Indian Financial Space, today has a plethora of products such as Direct Equity, Mutual Funds, Portfolio Management Services (PMS), Alternative Investment Funds (AIFs), Fixed Deposits, Equity Derivatives (F&O), Commodity Derivatives, Interest Rate Derivatives, Currency Derivatives.
- Direct Equity is specifically designed for Insiders such as Promoters, Strategic Investors, ESOP holders and large sophisticated Investors such as Institutions (Foreign and Domestic). These institutions invest on behalf of thousands of investors and so are capable of carrying greater risks than individual investors. If retail investors dabble in direct equity without adequate research tools, information asymmetry is likely to lead to poor results. Retail is likely to find itself on the wrong side of most trades.
- Futures & Options (Equity Derivatives) are designed for Institutional players to be able to hedge themselves in case they want to. When retail takes the bait, the results are poor.

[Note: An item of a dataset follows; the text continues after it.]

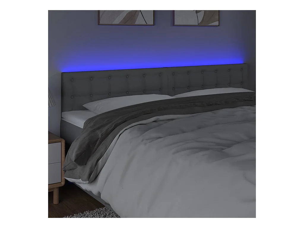 Tête de Lit | Panneau de tête pour lit Moderne à LED Gris clair 200x5x78/88 cm Tissu

- Mutual Funds are designed for retail investors who want to channelize their savings in a systematic manner and build long-term wealth. They provide an avenue for investors to benefit from the higher risk-return profile of equities while minimizing risk.
- Portfolio Management Services (PMS) is designed for HNIs with financial investments of at least 2.5 crores, NRIs, PIOs, OCIs and Retail FPIs (Foreign Portfolio Investors i.e. non-institutional foreign investors). They offer a higher risk-return profile than Mutual Funds.
- Alternate Investment Funds (AIF) are designed for UHNIs with financial investments of at least 30 crores, NRIs, PIOS, OCIs and UHNI FPIs. They are meant for sophisticated investors who want to take higher risks than are regulatorily possible within PMS.
- Commodity Derivatives are designed for Hedging by Value Chain Participants that usually consist of Companies and Firms with businesses that are suppliers/ users/ consumers of underlying Commodity. For example, ITC uses spices futures in the agri commodity space to hedge itself against the price fluctuations of commodities such as Turmeric, Coriander and Pepper. IOC, BPCL, Indigo use Crude futures to hedge their exposure to Crude Oil.
- Interest Rate Derivatives are useful for Banks, NBFCs, Housing Finance Companies, Insurance Companies and Institutions to hedge their Interest Rate exposures of either fixed or floating rate. They are also used for managing Asset-Liability Mismatches more efficiently.
- Currency Derivatives are useful for Exporters and Importers to hedge their currency exposures.
Often, I see examples of mis-selling by brokers to entice retail into areas such as Direct Equity, F&O, Commodity derivatives and Currency derivatives.